Note that the coordinates have column names “chrom”, “chromStart” and “chromEnd”, corresponding to the first three columns of the BED format. These exact column names are required. Alternative names like “chr”, “start”, “end” are NOT recognized.

For the scATAC-seq data, the coordinates are already in var_names. We just need to extract them.

[16]:

atac.var_names[:5]

[16]:

Index(['chr1:3005833-3005982', 'chr1:3094772-3095489', 'chr1:3119556-3120739',
       'chr1:3121334-3121696', 'chr1:3134637-3135032'],
      dtype='object', name='peaks')

[17]:

split = atac.var_names.str.split(r"[:-]")
atac.var["chrom"] = split.map(lambda x: x[0])
atac.var["chromStart"] = split.map(lambda x: x[1]).astype(int)
atac.var["chromEnd"] = split.map(lambda x: x[2]).astype(int)
atac.var.head()

[17]:

	chrom	chromStart	chromEnd
peaks
chr1:3005833-3005982	chr1	3005833	3005982
chr1:3094772-3095489	chr1	3094772	3095489
chr1:3119556-3120739	chr1	3119556	3120739
chr1:3121334-3121696	chr1	3121334	3121696
chr1:3134637-3135032	chr1	3134637	3135032

Graph construction

Now that we have the genomic coordinates for all omics features, we can use the scglue.genomics.rna_anchored_guidance_graph function to construct the guidance graph.

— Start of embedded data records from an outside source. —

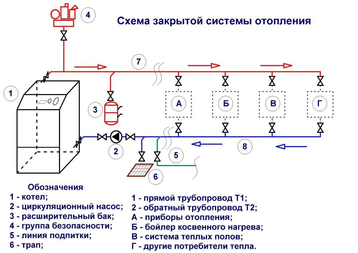 Закрытая система отопления является более современной и более сложной. Её применяют в многоэтажных домах и коттеджах.
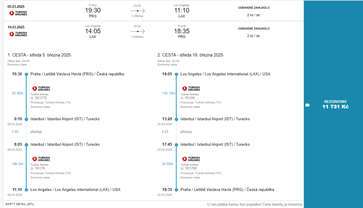 Ve směru do USA vás vždy čeká noční přestupu v Istanbulu. Za příplatek cca 500 Kč si však formou multicity letenky můžete nastavit až dvoudenní stopover v Istanbulu. V našem vyhledávači si můžete jednoduše navolit 3 lety: Praha - Istanbul, Istanbul - Los Angeles a Los Angeles - Praha
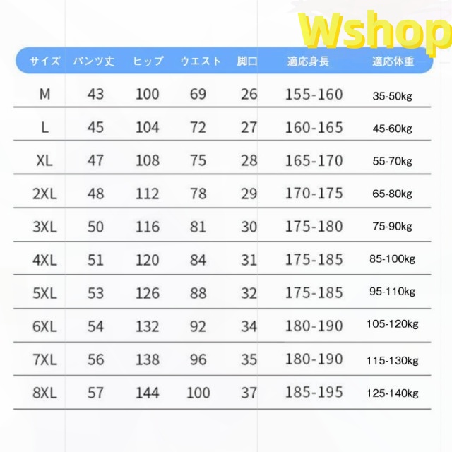 | サイズ | M L XL 2XL 3XL 4XL 5XL 6XL 7XL 8XL |
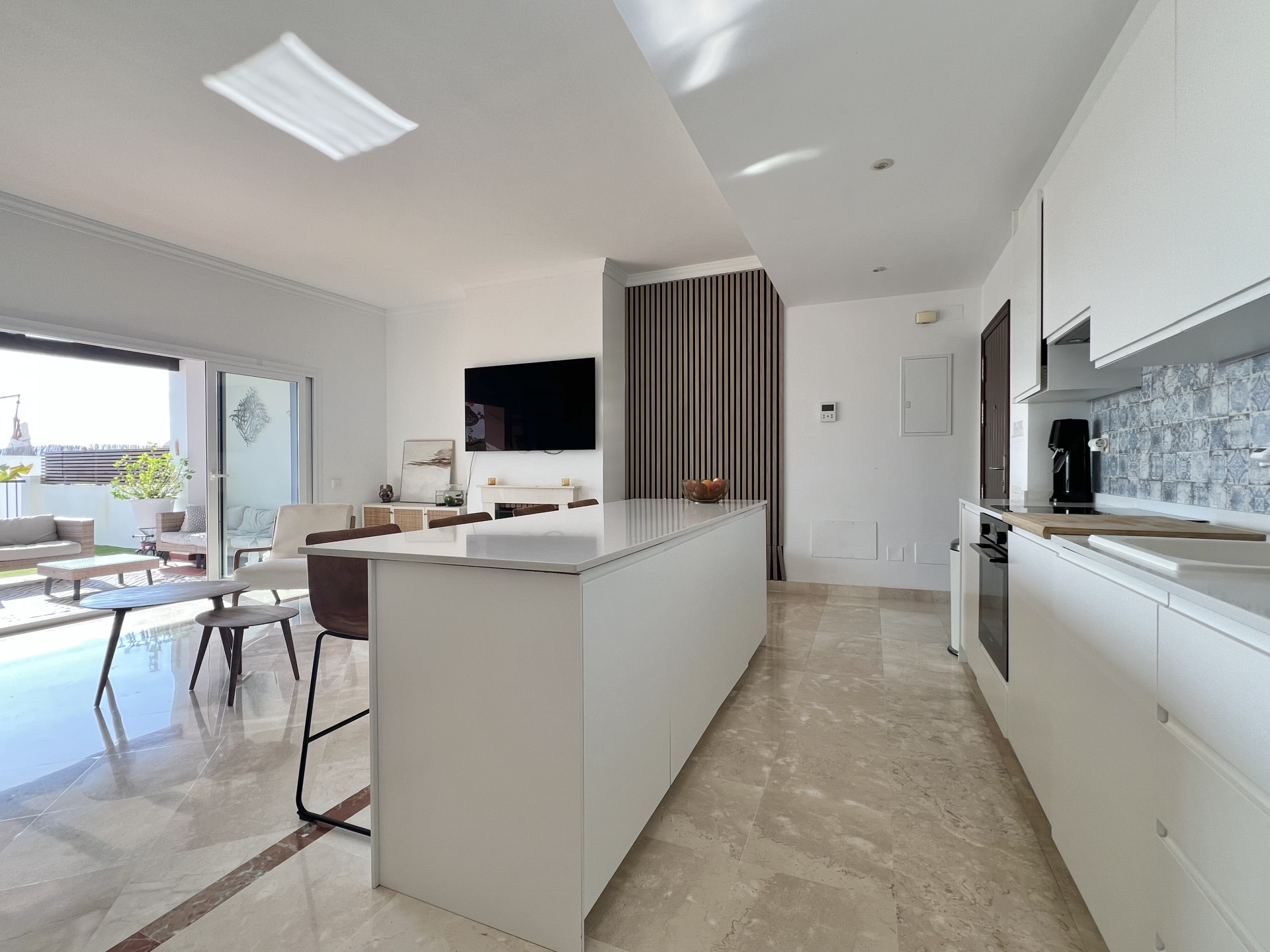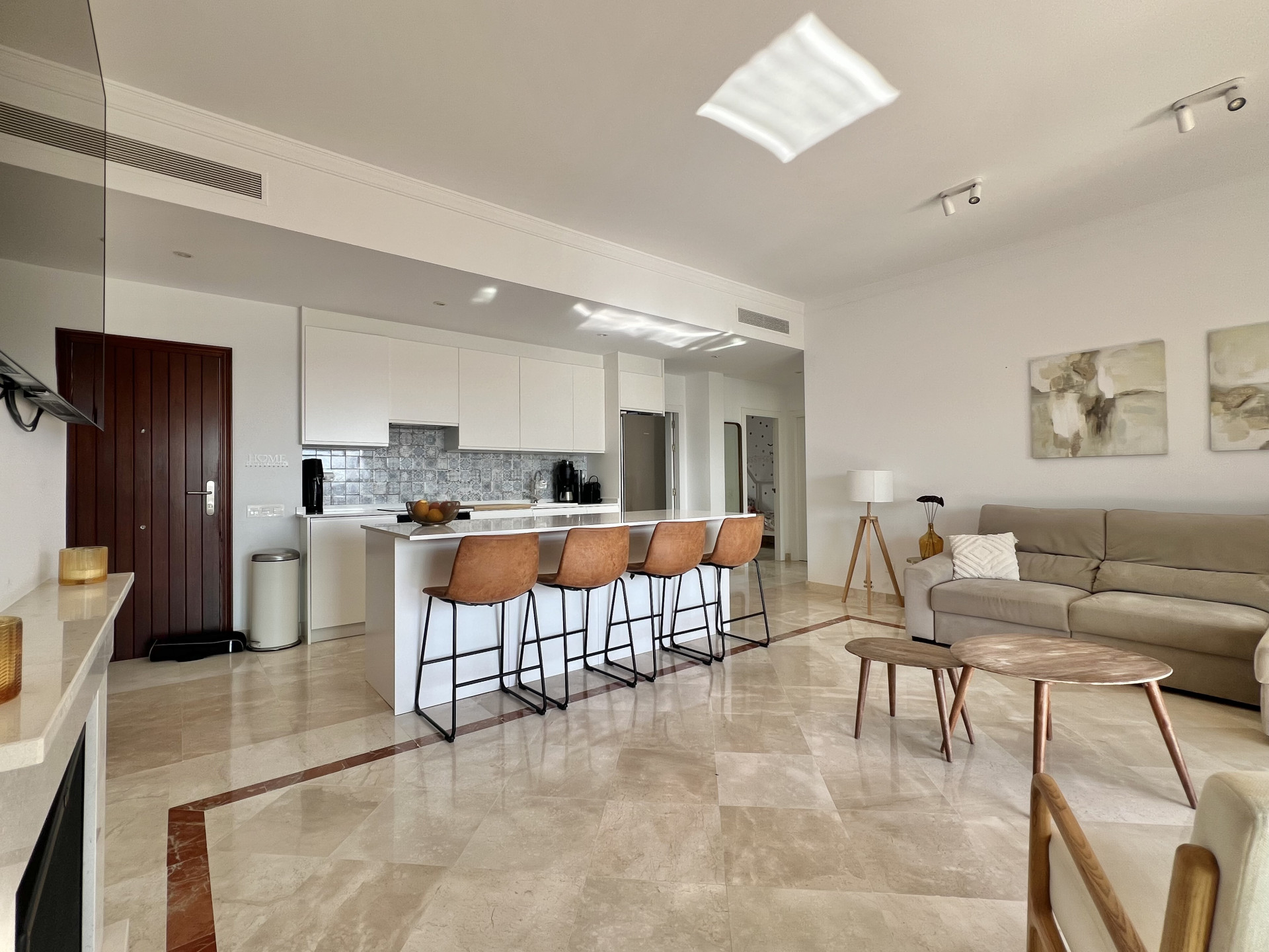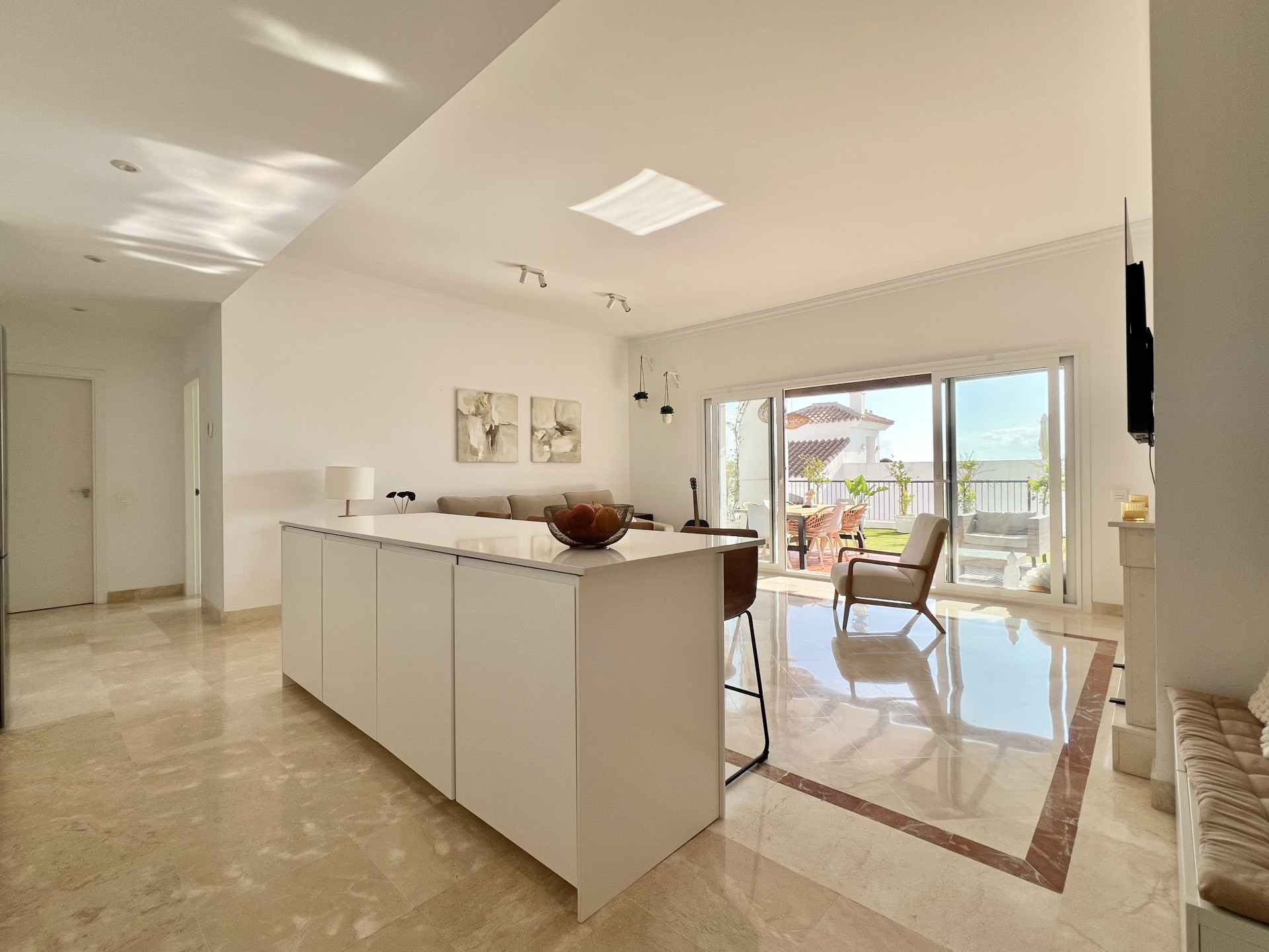 Espectacular apartamento con licencia turística de 3 dormitorios y 2 baños, ubicado en una planta baja elevada que combina privacidad, confort y un excepcional espacio exterior. Diseñado con un concepto de cocina y salón abiertos, el interior se distingue por su luminosidad, amplitud y un ambiente acogedor que, desde el primer instante, transmite la sensación de hogar. Uno de los mayores atractivos de esta propiedad es su amplia terraza privada, ideal para tomar el sol, disfrutar de comidas al aire libre o simplemente relajarse. Es el lugar perfecto tanto para familias como para parejas o aquellos que buscan un refugio espacioso dentro de un entorno estilo resort. Situado en uno de los desarrollos más exclusivos de la zona, los residentes disfrutan de acceso a una amplia gama de instalaciones de alta gama. Estas incluyen siete piscinas exteriores, una de ellas una hermosa piscina estilo laguna, junto con una piscina cubierta climatizada, un gimnasio completamente equipado, un centro de yoga y un lujoso spa. El complejo también cuenta con su propio restaurante, supermercado en el sitio y espacio de coworking, lo que lo hace ideal tanto para vivir de vacaciones como para la comodidad durante todo el año. Para los amantes del golf, hay un putting green, mientras que las familias apreciarán las piscinas infantiles y las áreas de juego. El complejo está rodeado de amplias zonas verdes y tranquilos senderos para caminar, ofreciendo una sensación de paz y tranquilidad en todo
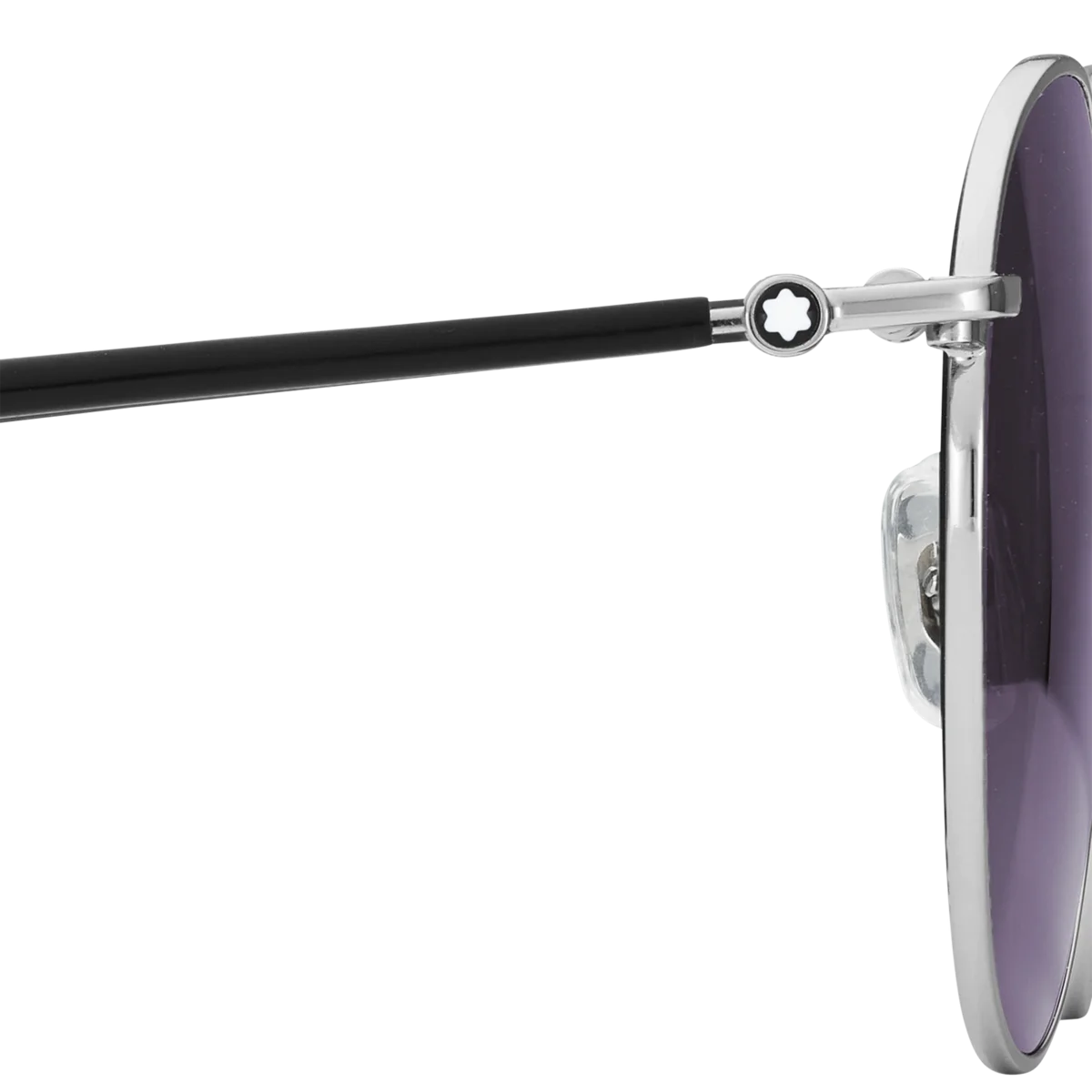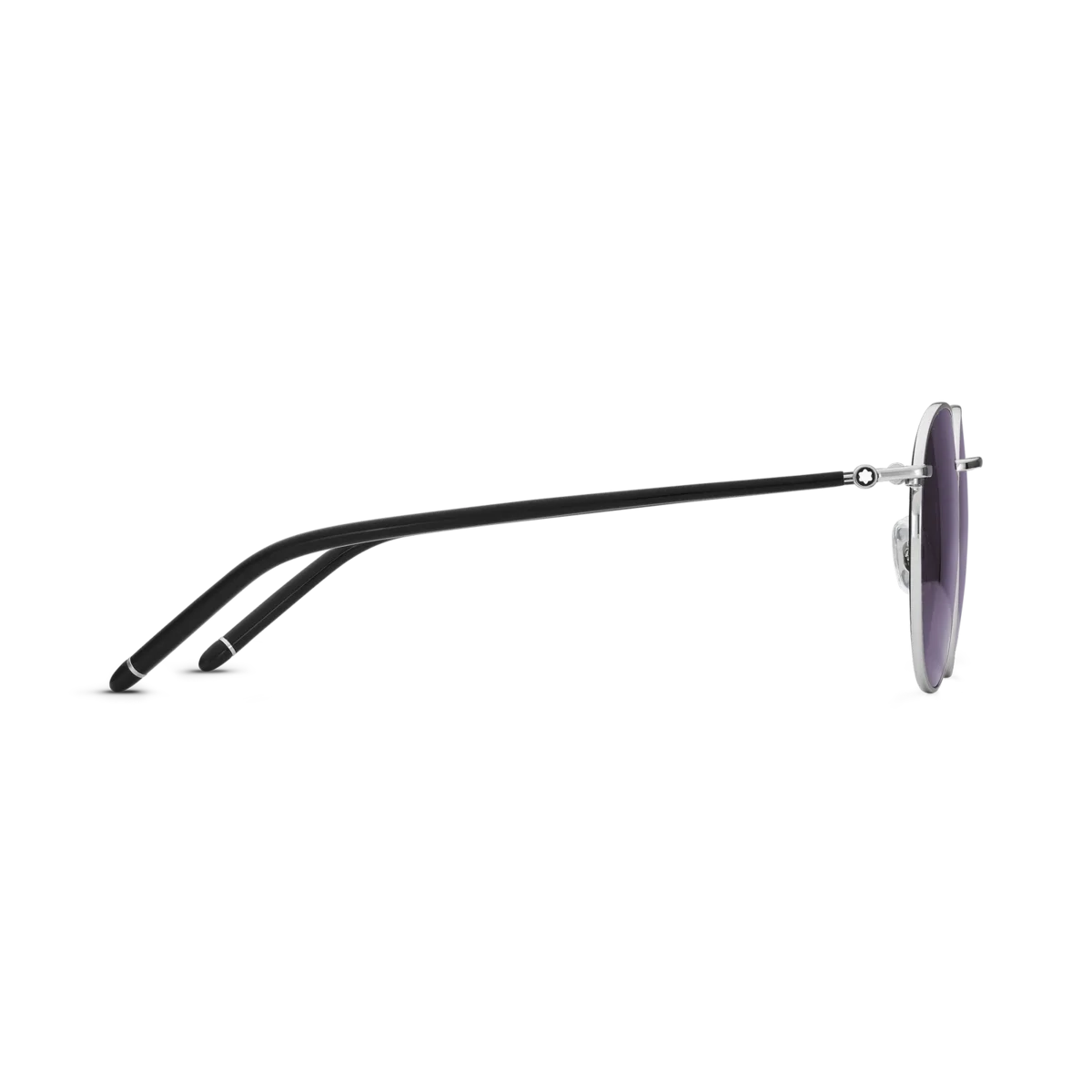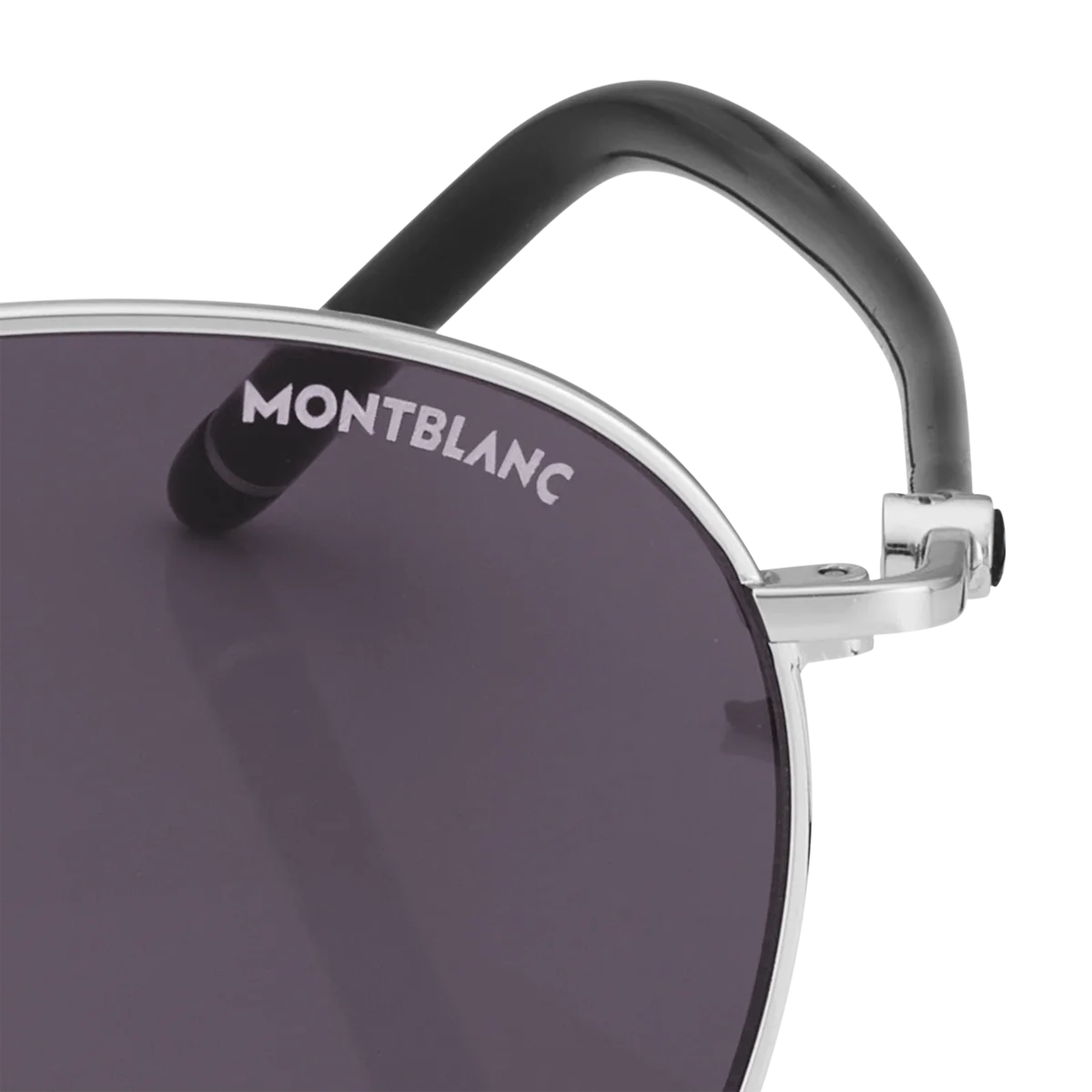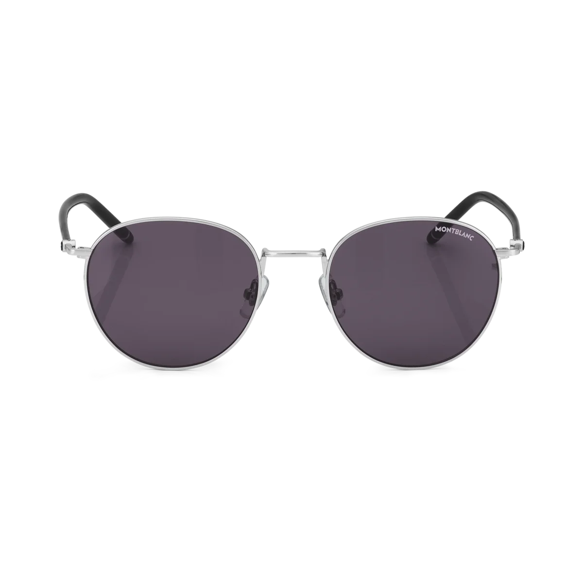 Diese runde Sonnenbrille verfügt über einen silberfarbenen Metallrahmen und graue Gläser. Die röhrenförmigen Bügel sind von den Meisterstück Schreibgeräten inspiriert und mit einem schwarzen Emaille-Detail an den Bügelenden verziert. Das Montblanc Logo ist auf das linke Glas gelasert und das Schneekappenlogo ist in die Bügel eingearbeitet.
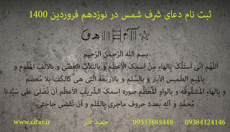 ثبت نام دعای حرز شرف شمس در سال ۱۴۰۱
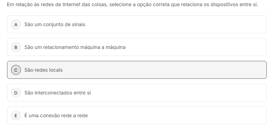Em relação às redes de Internet das coisas, selecione a opção correta que relaciona dispositivos entre si. A São um conjunto de sinais B São um relacionamento máquina a máquina C São redes locais D São interconectados entre si E É uma conexão rede a rede
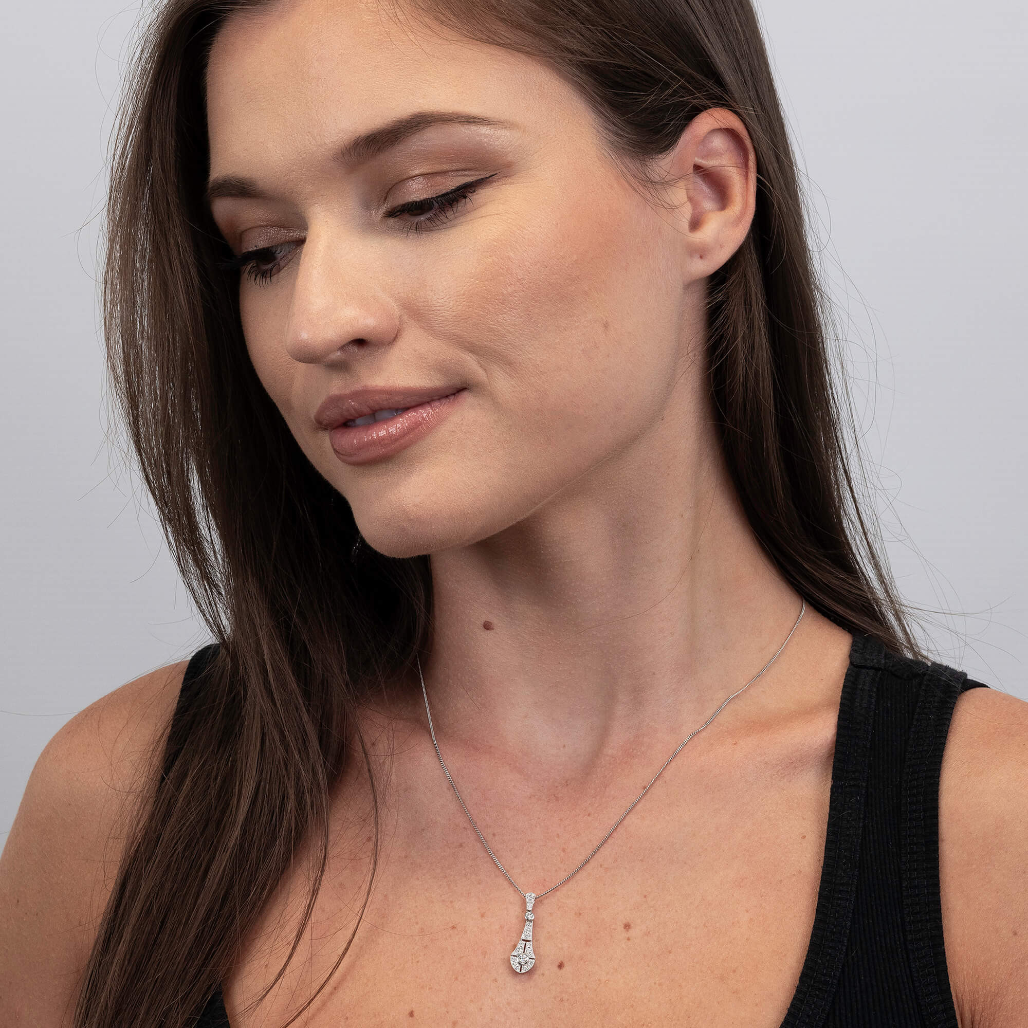 Ideal as a thoughtful gift or a timeless addition to your own collection, this diamond pendant is a testament to beauty and quality. Its Deco-inspired design and exceptional sparkle ensure it will be a cherished keepsake, combining elegance and sophistication in every detail.

By default, an ATAC peak is connected to a gene if they overlap in either the gene body or promoter region. See the function documentation for adjustable settings.

[18]:

guidance = scglue.genomics.rna_anchored_guidance_graph(rna, atac)
guidance

[18]:

<networkx.classes.multidigraph.MultiDiGraph at 0x7f8e003f1610>

We can verify that the obtained guidance graph complies to all of the previous standards using the scglue.graph.check_graph function.

[19]:

scglue.graph.check_graph(guidance, [rna, atac])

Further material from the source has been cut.